She stressed that the mentoring aspect of AIM’s loans scheme is just as important as doling out the cash, promising that successful applicants will each have one-to-one access to a mentor hand-picked from AIM’s board and/or leading members.

“They’ll get quarterly business meetings, support on budgeting, cashflow and how to raise secondary finance, particularly focusing on grant applications. Once they’re underway, they’re going to get an awful lot of business training from us,” she said.

“That’s never been available free to anybody before at this level: they’ll be supported before, during and after the loan process. And even if something is going wrong with their business, we can have a good look at that as well.”

Digital is likely to loom large in the business plans of fledgeling independent labels, given the background of disruption not just to traditional physical sales, but also the transition from download sales to streaming access.

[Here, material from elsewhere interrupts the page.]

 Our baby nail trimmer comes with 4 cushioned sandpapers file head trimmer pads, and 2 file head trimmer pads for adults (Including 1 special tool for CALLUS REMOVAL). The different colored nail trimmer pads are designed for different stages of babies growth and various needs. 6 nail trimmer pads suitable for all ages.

Wenham noted that for many indie labels, digital is a big opportunity. “In digital, the costs of setting up and going into the market are considerably less, and considerably less risky: there is no stock sitting around, and no distributors that might not pay you. Once you get three or four bands and position them correctly, you don’t need much money to get them going and be innovative in the digital space,” she said.

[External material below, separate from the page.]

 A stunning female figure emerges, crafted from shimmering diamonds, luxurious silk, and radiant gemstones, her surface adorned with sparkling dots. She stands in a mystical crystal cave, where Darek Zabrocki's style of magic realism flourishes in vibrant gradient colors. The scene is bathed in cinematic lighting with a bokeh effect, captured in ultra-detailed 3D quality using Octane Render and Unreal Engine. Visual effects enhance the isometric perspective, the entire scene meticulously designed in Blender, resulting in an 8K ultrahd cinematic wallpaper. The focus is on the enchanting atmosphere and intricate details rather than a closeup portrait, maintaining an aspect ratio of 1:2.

“Digital becomes a very reliable global income stream, once music is on the platforms, motoring away. And labels can be far more imaginative and innovative with digital engagement, feeling that they’re not completely clueless about where their bands’ fanbases are. You can become more sure-footed, and won’t suddenly implode because you make a single mistake.”

She also said independents stand to benefit from the growth in streaming, despite the ongoing industry debate over whether payouts from Spotify and other services will help artists and labels alike sustain their businesses.

“Spotify is a startup too. When that business scales, and the reach is global, two things will happen. One is that people will stop bitching about the streaming versus sales argument. It’s out there, and it isn’t going to go away,” said Wenham.

“Also, the rates will be adjusted. It will become more like a retail business, because it IS a substitution for retail. In time, the rates will be adjusted to look like retail. And in the meantime, independents are able to manage their overheads and costs to be in line with the emergent format.”

She noted that 10 years ago, AIM’s board was entirely made up of record labels, while now those board members’ companies are also active in areas including publishing, management, live and merchandise.

“Still, all of those activities are based around the core A&R role. You can take a nice big picture of Arctic Monkeys or Adele and stick it with this story as proof. They’re not militant, although they’ve been vocal, but you can see how comfortable they are with their record company,” she said.

“Last year, the independents had their best year for 10 years. The market is open. The independent sector has always been agile, pragmatic, adventurous and smart, and very close to the ground on A&R. In 2014, those are the ingredients for success if ever I heard them.”

Wenham also alluded to future announcements from AIM that will emphasise the role independent labels play in helping artists negotiate the choppy digital waters. “If I could ever wave a magic wand – and I am going to be waving a magic wand in June – it would differentiate the indie sector from the majors,” she said. “We regard artists as equals – partners – and we’re on that journey together.”